As well as most of the better know strips. All through the fifties, they seem to have tried out every new adventure strip that came around. Most of the time, they didn't change their daily line-up. And the scans you can get from Google News aren't the best quality. But at least now I have a resource I can use to add pages to longer better runs I have, so you can at least read the story. I have many samples of Long Sam, ut have been held back to scan and share them, because I have so many holes as well (about one in four). Now I can go and do selected stories in some sort of complete form.

And I have George Tuska's Scorchy Smith. And A.C. Hollingsworth's as well, a veritable treaure of unseen and too often ignored art. Not all of it, unfortunately the one paper that is missing from this selection seems to be the first Tuska Scorchy Sunday and in September 1954 two more papers are missing. In early 1957 the series stops, but from the storyline itself I get the impression that this really is te end - eventhough Jerry Bails mentions 1959 (the year the daily stopped) as a cut-off date. I will check with Alan Holtz' whose long awaited Stripper's Guide will succeed and surpass the already gigantuan effort of Who's Who.

Anyway, after clicking and clipping for quite some time, I am ready to present the firt few stories of Goerge Tuska's Sunday version of Scorchy Smith. These are all the strips from 1954. Tuska started doing the daily in August, but didn't take over the Sunday until a month later. The daily and Sunday sequences had seperate storylines, so Hollingsworth could finish his own Sunday stoy, before Tuska stepped in. Since the Sundays were produced more in advance, this probably translates into a pretty unifrom transfer of duties, by the way.

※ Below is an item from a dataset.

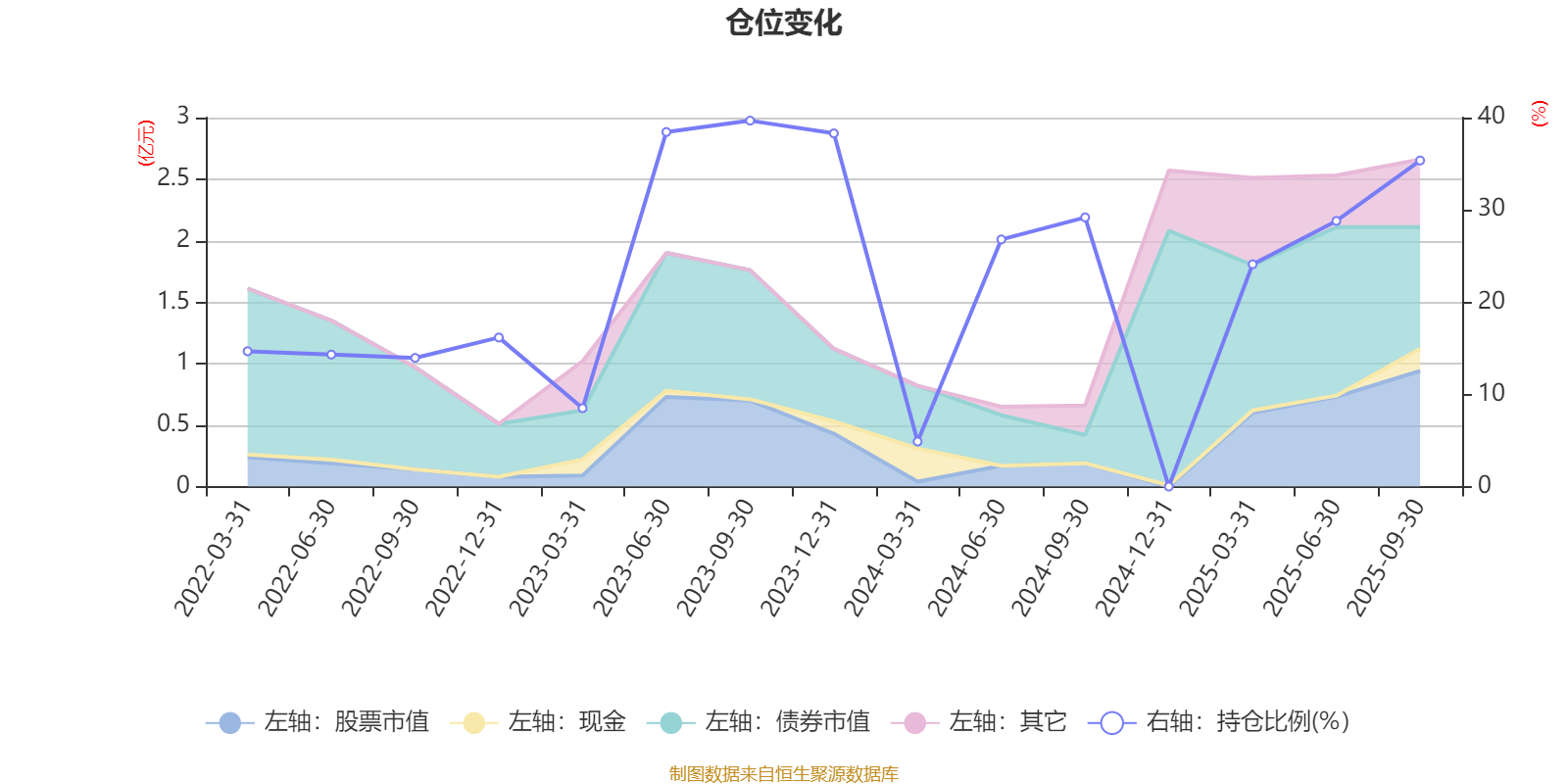 据定期报告数据统计,近三年平均股票仓位为24.18%,同类平均为19.14%。2023年三季度末基金达到39.67%的最高仓位,2024年一季度末最低,为4.88%。

I will go back and show some of Hollingsworth run as well. Much has been said of Hollingsworth's career in comics, but this is a valuable addition to that career trejectory. Along with that, I have also some of his work as a magazine editor and illustrator. So I guess I will have to throw those two together for a longer article someday.

Hollingsworth, by the way, had taken the soft science fiction angle that Rodlow Willard had introduced into the feature before him and taken it to the hilt. Tuska, who may have written his own stories to fit his own style , downplayed that but didn't ignore it. Insted, he made an easy transition both in the daily and Sunday storylines.

Since I haven't got what I think is the first Tuska Sunday of September 5, I am starting with what I think is the last Holingsworth Sunday - which sadly is the only one I have that I could not reproduce in the original format, so I had to turn it sideways. And of course, these are two tiers. Everything about this feature points towards the fact that here shoudl also be a three tier or at leat a tabloid version. There was a tabloid version of Hollingsworth run and Tuska did a similar deal with the laer Buck Rogers. Maybe someday somewhere one will turn up.

And by the way, if you follow the tag, you will see that I have reproduced Geore Tuska's second daily story. But I still have to go back and find his first daily story, which ran between August and December 1954.



September 5 missing.



September 19 and 26 missing.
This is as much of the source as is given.